DockCoV2: a drug database against SARS-CoV-2

The current state of the COVID-19 pandemic is a global health crisis. From December 2019 to September 2020, SARS-CoV-2 has infected over 32 million people, and caused more than one million deaths worldwide. To fight the novel coronavirus, one of the best-known ways is to block enzymes essential for virus entry or replication. The Genomics team at Taiwan AI Labs collaborated with Professor Hsuan-Cheng Huang at National Yang-Ming University, Professor Chien-Yu Chen and Distinguished Professor Hsueh-Fen Juan at National Taiwan University under MOST and NTU supports to develop the database DockCoV2 (https://covirus.cc/drugs/) which aims to find effective antiviral drugs against SARS-CoV2.

The research team explores new opportunities for drug repurposing which is the process of finding new uses for existing approved drugs, and is believed to offer great benefits over de novo drug discovery, as well as to enable rapid clinical trials and regulatory review for COVID-19 therapy.

Here we develop the database, DockCoV2, by performing molecular docking analyses of seven proteins including spike, 3CLpro, PLpro, RdRp, N protein, ACE2, and TMPRSS2 with 2,285 FDA-approved and 1,478 NHI drugs. DockCoV2 also provides appropriate validation information with literature support.
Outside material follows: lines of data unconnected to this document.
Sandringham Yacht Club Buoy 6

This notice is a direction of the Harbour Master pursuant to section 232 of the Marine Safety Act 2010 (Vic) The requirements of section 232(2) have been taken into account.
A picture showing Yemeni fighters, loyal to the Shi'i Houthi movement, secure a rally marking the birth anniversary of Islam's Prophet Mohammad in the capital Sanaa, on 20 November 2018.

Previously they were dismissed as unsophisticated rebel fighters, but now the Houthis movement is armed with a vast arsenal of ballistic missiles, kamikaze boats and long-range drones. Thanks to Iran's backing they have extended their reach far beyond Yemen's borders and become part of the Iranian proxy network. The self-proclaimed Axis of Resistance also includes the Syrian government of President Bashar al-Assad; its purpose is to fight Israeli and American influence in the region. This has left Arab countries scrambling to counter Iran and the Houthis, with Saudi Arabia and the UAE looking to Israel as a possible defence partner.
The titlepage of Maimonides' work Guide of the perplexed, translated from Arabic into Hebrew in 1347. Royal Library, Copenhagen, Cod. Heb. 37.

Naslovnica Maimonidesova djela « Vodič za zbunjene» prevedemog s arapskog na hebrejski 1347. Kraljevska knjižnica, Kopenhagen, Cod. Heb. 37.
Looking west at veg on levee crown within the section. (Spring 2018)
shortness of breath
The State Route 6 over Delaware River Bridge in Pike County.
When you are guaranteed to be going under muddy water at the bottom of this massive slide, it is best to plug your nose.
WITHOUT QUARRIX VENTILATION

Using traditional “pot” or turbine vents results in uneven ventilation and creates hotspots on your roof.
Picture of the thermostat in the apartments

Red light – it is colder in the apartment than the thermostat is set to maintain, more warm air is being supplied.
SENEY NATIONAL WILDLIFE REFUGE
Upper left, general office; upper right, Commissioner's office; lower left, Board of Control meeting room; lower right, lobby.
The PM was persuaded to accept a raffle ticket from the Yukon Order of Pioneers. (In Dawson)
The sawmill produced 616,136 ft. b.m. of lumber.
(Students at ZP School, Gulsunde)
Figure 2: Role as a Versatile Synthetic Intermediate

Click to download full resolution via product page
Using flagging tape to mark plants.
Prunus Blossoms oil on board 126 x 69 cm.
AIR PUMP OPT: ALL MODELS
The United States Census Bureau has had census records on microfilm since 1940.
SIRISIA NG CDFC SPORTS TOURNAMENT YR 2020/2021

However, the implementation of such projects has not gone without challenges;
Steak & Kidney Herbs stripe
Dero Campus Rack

Several databases focus on delivering repurposing drugs against SARS-CoV-2. To our knowledge, no database provides a more up-to-date and comprehensive resource with drug-target docking results for repurposed drugs against SARS-CoV-2.
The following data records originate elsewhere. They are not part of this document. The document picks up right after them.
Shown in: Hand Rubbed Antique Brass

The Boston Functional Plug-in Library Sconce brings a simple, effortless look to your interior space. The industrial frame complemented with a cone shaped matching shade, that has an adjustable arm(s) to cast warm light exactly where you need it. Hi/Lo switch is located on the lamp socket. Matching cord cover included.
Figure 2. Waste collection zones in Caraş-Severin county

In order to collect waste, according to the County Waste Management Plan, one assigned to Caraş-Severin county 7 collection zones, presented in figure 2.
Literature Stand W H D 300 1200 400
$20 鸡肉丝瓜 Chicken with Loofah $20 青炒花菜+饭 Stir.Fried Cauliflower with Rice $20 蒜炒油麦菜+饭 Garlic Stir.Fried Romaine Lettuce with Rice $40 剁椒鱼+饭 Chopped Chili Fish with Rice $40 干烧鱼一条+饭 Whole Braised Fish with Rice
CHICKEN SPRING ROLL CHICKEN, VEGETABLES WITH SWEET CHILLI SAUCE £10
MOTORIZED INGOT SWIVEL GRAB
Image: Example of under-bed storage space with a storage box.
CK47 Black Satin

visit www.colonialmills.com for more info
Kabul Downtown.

DockCoV2 is easy to use and search against, is well cross-linked to external databases, and provides the state-of-the-art prediction results in one site. DockCoV2 offers not only the related information of Docking structure and Ligand information but also Experimental data including biological assays, pathway information, and gene set enrichment analysis recruited from other validated databases. Users can download their drug-protein docking data of interest and examine additional drug-related information on DockCoV2. We also have released our scripts and source on github (https://github.com/ailabstw/DockCoV2).

Article link:
Ting-Fu Chen, Yu-Chuan Chang, Yi Hsiao, Ko-Han Lee, Yu-Chun Hsiao, Yu-Hsiang Lin, Yi-Chin Ethan Tu, Hsuan-Cheng Huang, Chien-Yu Chen, Hsueh-Fen Juan. DockCoV2: a drug database against SARS-CoV-2. Nucleic Acids Research (2020) https://doi.org/10.1093/nar/gkaa861.

 

Figure. The overview of the database content. In addition to the docking scores, DockCoV2 designed a joint panel section to provide the following related information: Docking structure, Ligand information, and Experimental data.